DATA EXTRACTS:

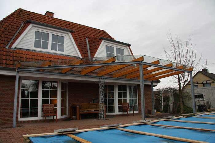 Terrassenüberdachung ist freistehend und hat keine Verbindung zum Haus. Sie hat in diesem Fall ein Gefälle zur Dachrinne hin. So wird elegant und ohne großen Aufwand über die Dachrinne des Hausdaches entwässert.
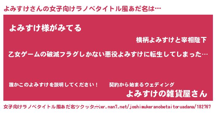 | 男性向けラノベタイトル風あだ名 | 『魔弾の王とよみすけ』 |
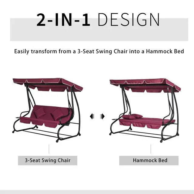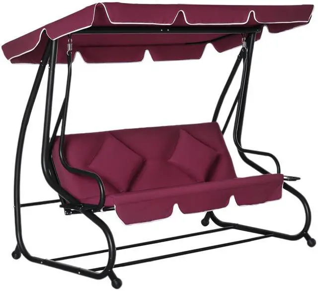 Go all out with Aosom. The whole surface of our swing bench is fully cushioned, which will come in handy when you convert it into a cozy covered day bed. A pillow will pad your head as a canopy overhead adjusts its angle to keep you cool and dry. It's a swing, a bed, a canopy, and it has cupholders, too, so you can enjoy using your swing without crying over spilled milk. With its own stand, you can stand it up in the backyard, garden, patio, or anywhere. Get out, get comfy, get Aosom.
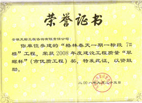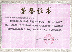 2008年度翠螺杯奖:格林春天A9#楼工程
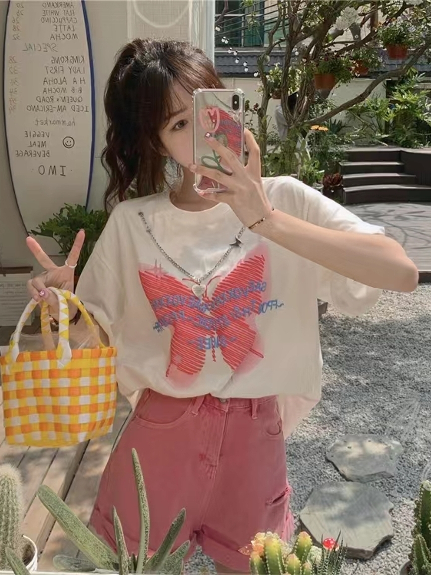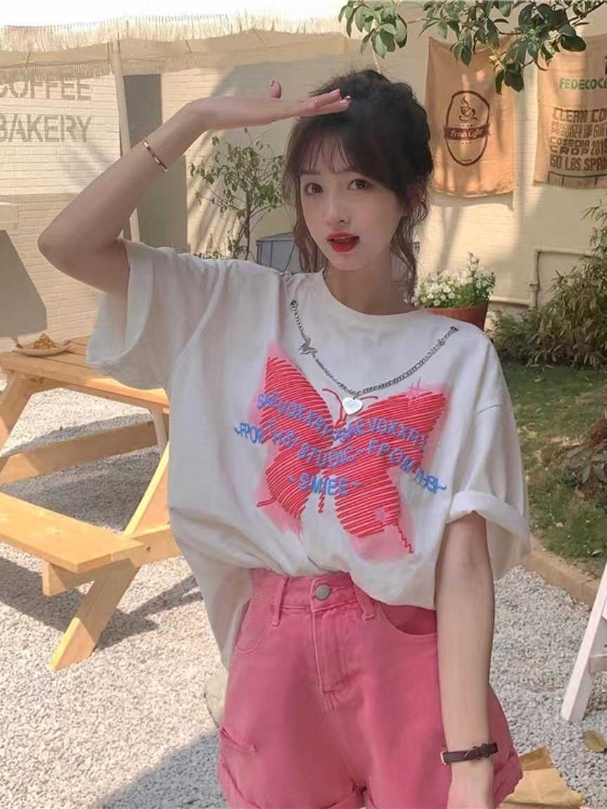 这款t恤是简约的风格,宽松的版型,时尚百搭,胸前的字母印花,很有个性,搭配牛仔裤或者短裤都很好看。
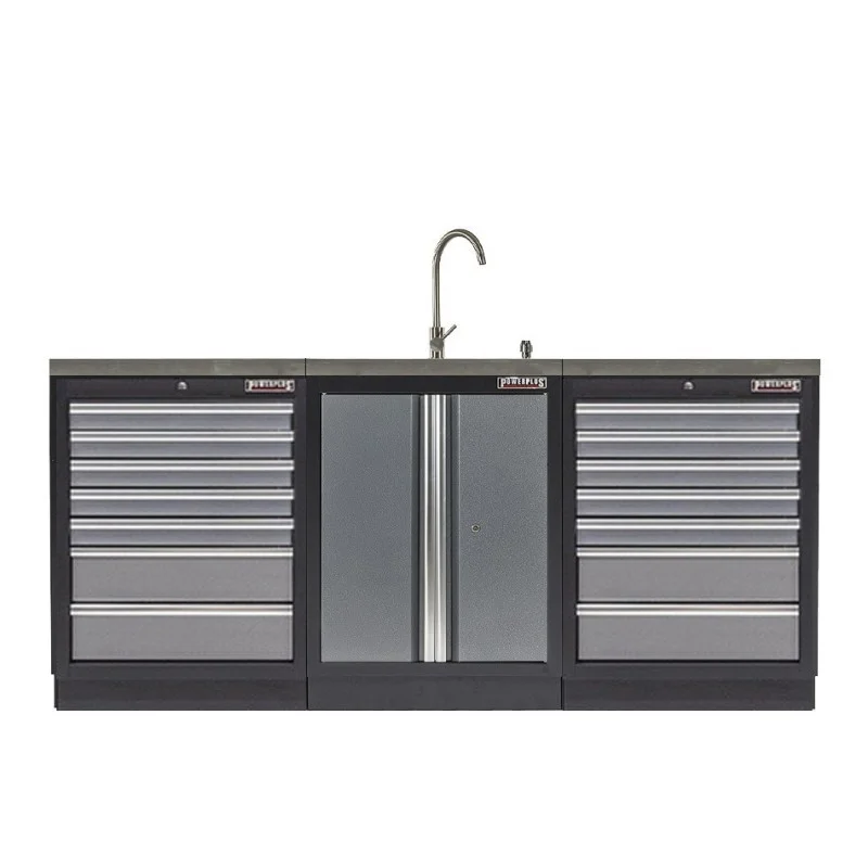 Plus Werkplaatskast met 2 deuren inclusief zeeppomp, RVS wasbak en RVS kraan.
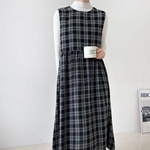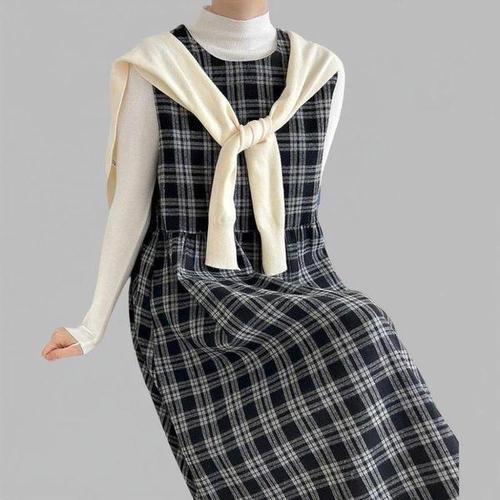 [신상오픈런]여성용 체크 롱원피스 가을 스타일 민소매 속기모
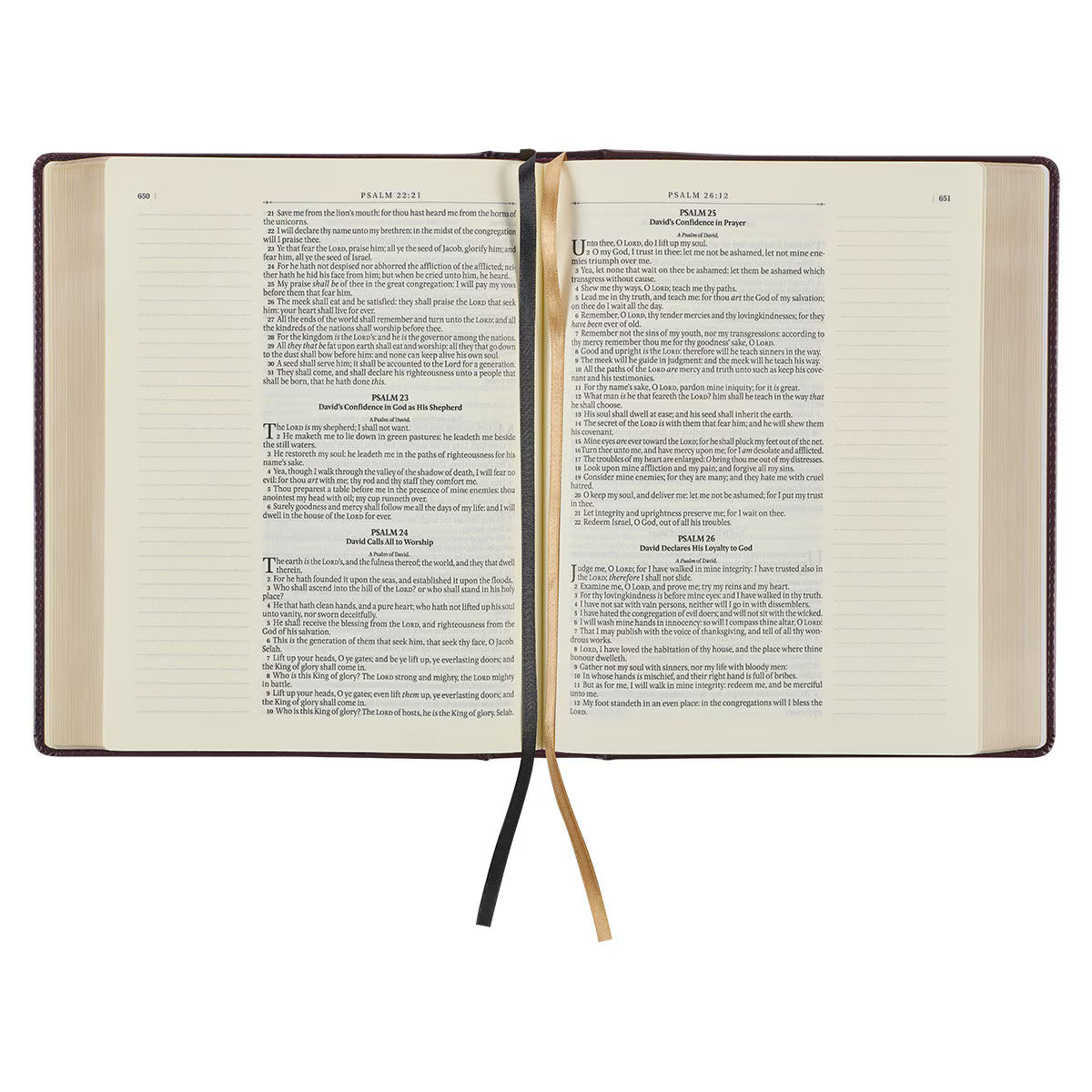 The 10.8-point type ensures the printing is readable without strain, and the 2.5-inch wide margins features 1.8-inch lines that let you take notes while studying the Word. The entire KJV Bible is presented in the original 1769 English text with added reader-friendly subheadings. Additional study helps are also available in this Bible and include two satin ribbon markers, a thematic Scripture verse finder, a concordance, a one-year Bible reading plan, and 8 full-color maps. The Epistle Dedicatory to the original KJV Bible is included for historical reference and several pages are included in the back for your own notes. The Bible is packaged in a full-color printed cardstock sleeve.
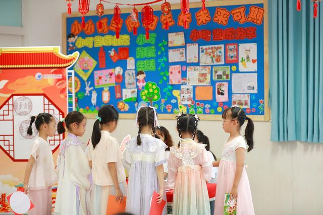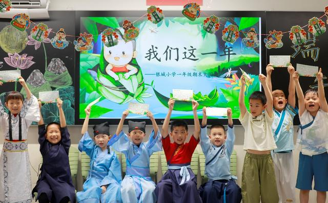 6月19日,南京市银城小学一年级的小萌娃们兴奋迎来主题为“我们这一年”的趣味闯关活动,他们身穿汉服,沉浸式体验“我们的节日”,挑战多学科有机融合游戏,在传统文化的启蒙和熏陶下,开开心心、充满乐趣地完成期末测评。
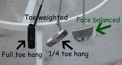 3. 페이스가 지면에 직각인 즉 토우가 지면을 향하는 풀 토우 행 퍼터 (full toe hang putter)
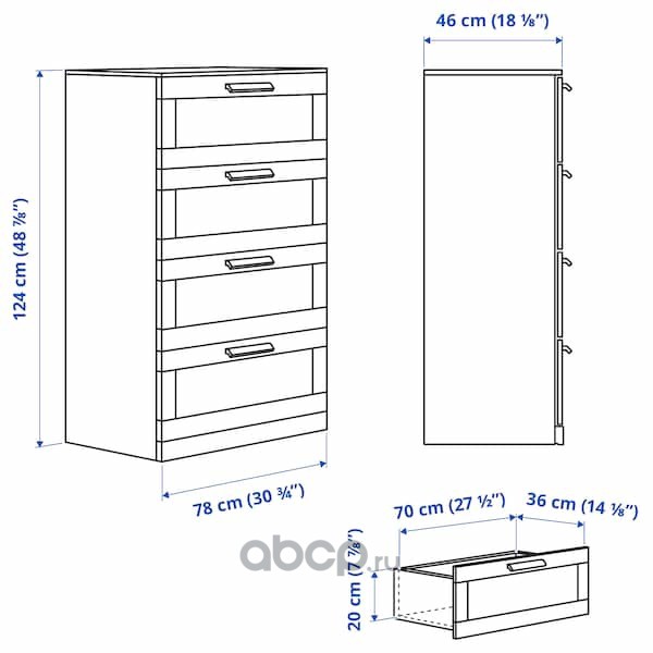 BRIMNES БРИМНЭС Комод с 4 ящиками, черный/матовое стекло 78X124см
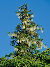 とは言いつつ、今回は106号沿いの景色ではなく別の場所で最近見つけたお気に入りのショット2つを載せてみました。一つは緑の濃くなった広葉樹の林の上、ちょこんと顔を覗かせた杉の木を白い藤の花が着飾ってくれています。Xmas TreeならぬSummer Tree(?)
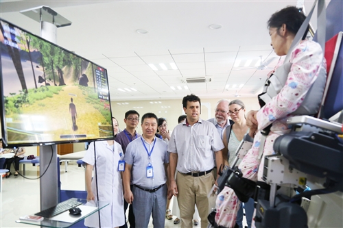 今日,巴西生物医学工程学会主席Adriano 教授一行来我院访问交流。 医院院长吴绍长陪同Adriano主席、Muhlen副主席、Germano康复师一行依次参观了我院康复诊疗中心的运动治疗室、牵引室、针灸室、艾灸室、推拿室、中药熏蒸室、蜡疗室、儿童康复治疗室、吞咽治疗室、物理因子治疗室等。 在参观过程中,康复中心主任周敏亚详细介绍了各治疗方式针对的人群及特色,各先进康复设备的治疗原理和应用范围;Adriano一行盛赞我院“中医康复和西医康复相结合、躯体康复和心理康复相结合”的新型康复治疗模式及先进的康复设备,特别是我院技术一流的康复团队,“That’s very good !”并表示这在他们国家是看不到的,很欣喜看到中国将相应的技术运用到临床上,为病人服务。 随后在交流会上,吴院长向来宾介绍了医院的基本情况及我院“以脑科老年科为主,多科协调发展”的办院理念,和“3851特色护理模式”、“3232惠民政策”等亮点工作。 图:林鸣笛 审核:邓丽云 文/编辑:马志春

PROMPT: Reproduce verbatim the opening line of the material and every line after it, up to and including the line with "BRIMNES БРИМНЭС Комод", but no pictures.

RESULT BELOW:
 Terrassenüberdachung ist freistehend und hat keine Verbindung zum Haus. Sie hat in diesem Fall ein Gefälle zur Dachrinne hin. So wird elegant und ohne großen Aufwand über die Dachrinne des Hausdaches entwässert.
 | 男性向けラノベタイトル風あだ名 | 『魔弾の王とよみすけ』 |
 Go all out with Aosom. The whole surface of our swing bench is fully cushioned, which will come in handy when you convert it into a cozy covered day bed. A pillow will pad your head as a canopy overhead adjusts its angle to keep you cool and dry. It's a swing, a bed, a canopy, and it has cupholders, too, so you can enjoy using your swing without crying over spilled milk. With its own stand, you can stand it up in the backyard, garden, patio, or anywhere. Get out, get comfy, get Aosom.
 2008年度翠螺杯奖:格林春天A9#楼工程
 这款t恤是简约的风格,宽松的版型,时尚百搭,胸前的字母印花,很有个性,搭配牛仔裤或者短裤都很好看。
 Plus Werkplaatskast met 2 deuren inclusief zeeppomp, RVS wasbak en RVS kraan.
 [신상오픈런]여성용 체크 롱원피스 가을 스타일 민소매 속기모
 The 10.8-point type ensures the printing is readable without strain, and the 2.5-inch wide margins features 1.8-inch lines that let you take notes while studying the Word. The entire KJV Bible is presented in the original 1769 English text with added reader-friendly subheadings. Additional study helps are also available in this Bible and include two satin ribbon markers, a thematic Scripture verse finder, a concordance, a one-year Bible reading plan, and 8 full-color maps. The Epistle Dedicatory to the original KJV Bible is included for historical reference and several pages are included in the back for your own notes. The Bible is packaged in a full-color printed cardstock sleeve.
 6月19日,南京市银城小学一年级的小萌娃们兴奋迎来主题为“我们这一年”的趣味闯关活动,他们身穿汉服,沉浸式体验“我们的节日”,挑战多学科有机融合游戏,在传统文化的启蒙和熏陶下,开开心心、充满乐趣地完成期末测评。
 3. 페이스가 지면에 직각인 즉 토우가 지면을 향하는 풀 토우 행 퍼터 (full toe hang putter)
 BRIMNES БРИМНЭС Комод с 4 ящиками, черный/матовое стекло 78X124см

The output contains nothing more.